I face the opposite wall and don’t think about them, but feel a presence nevertheless, like a huge and terrible monster standing behind me. I turn around. One of the penguins levitates at least a foot above those plastered against the pane.
"We are inside you, Brian," it says. "We are you. Let you become us."
"I will never become you!" Then I hiss at him. I’ve never before been so bold, especially not so soon after cowering. It gives me a frisson.
It hisses back, and I return the favor. I refuse to let it have the last one. For hours, we hiss in turn.
A Makulahbaum flunkey enters the room. I call him "Dickey" because he wears a necklace of dried, severed penises. I don’t know his real name and never see him—or any flunkey—unless I’m needed.
"Makulahbaum says you’re free to go." He faces the penguins. "And you guys did an extra good job today, so you’ll get a raise."
"Thanks, bub," one of the penguins says through the pane.

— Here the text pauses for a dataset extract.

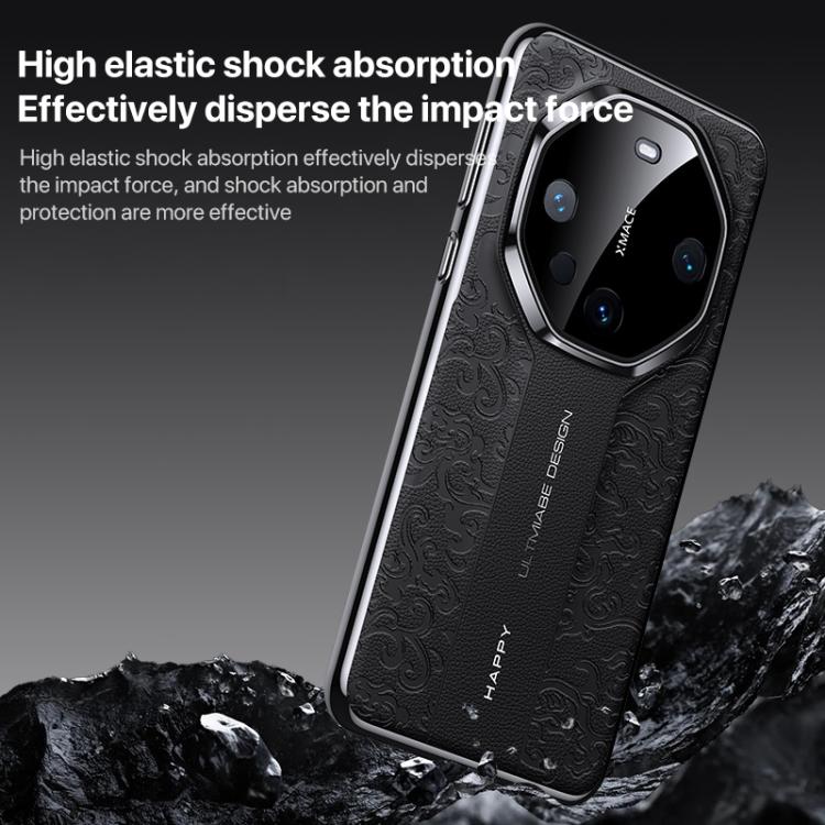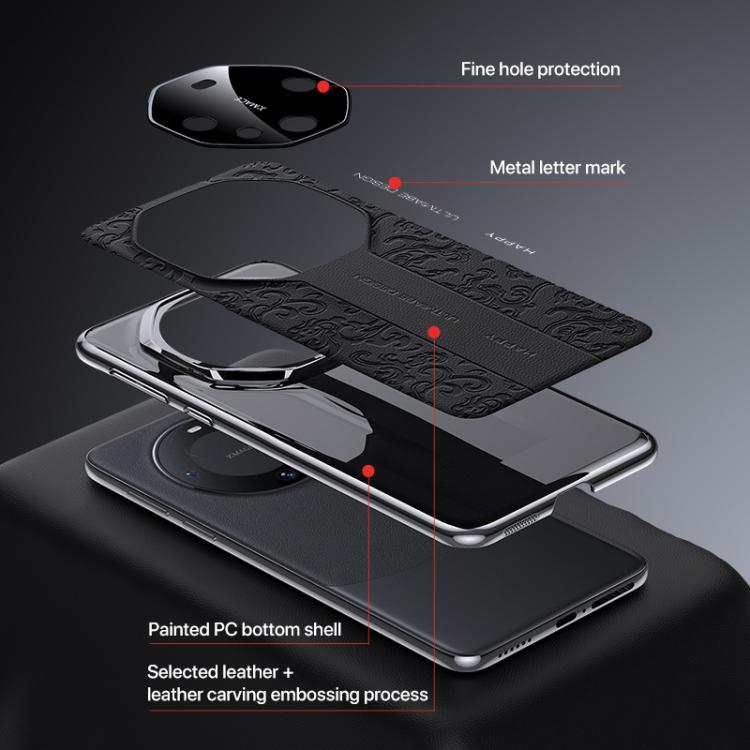 Funda de PC de cuero liso con diseño de dragón en la nube para Huawei nova 14 Ultra (dorada)

"How about me? Do I get a raise?"
Dickey cocks an eyebrow. "Why ask, Mr. Cocks?"
"I don’t know. Maybe because I’ve been taking it up the ass for five years now?"
"Broach that subject with Makulahbaum."
"He doesn’t speak!"
"You heard me. I don’t have my mouth stuffed full of cotton, do I?" Dickey opens his mouth. At least eight spit-soaked cotton balls fall out.
Negotiating with flunkies is useless. I face the penguins. "Damn you all to hell," I shout.
They ignore me, put on tiny hats and coats, and float off, heading north.
I almost forget to pick up my brain at the drop box. When I return to get it, there’s a new sign taped to the door:
NEW COMPANY POLICY: Effective next Friday, leave your heart as well.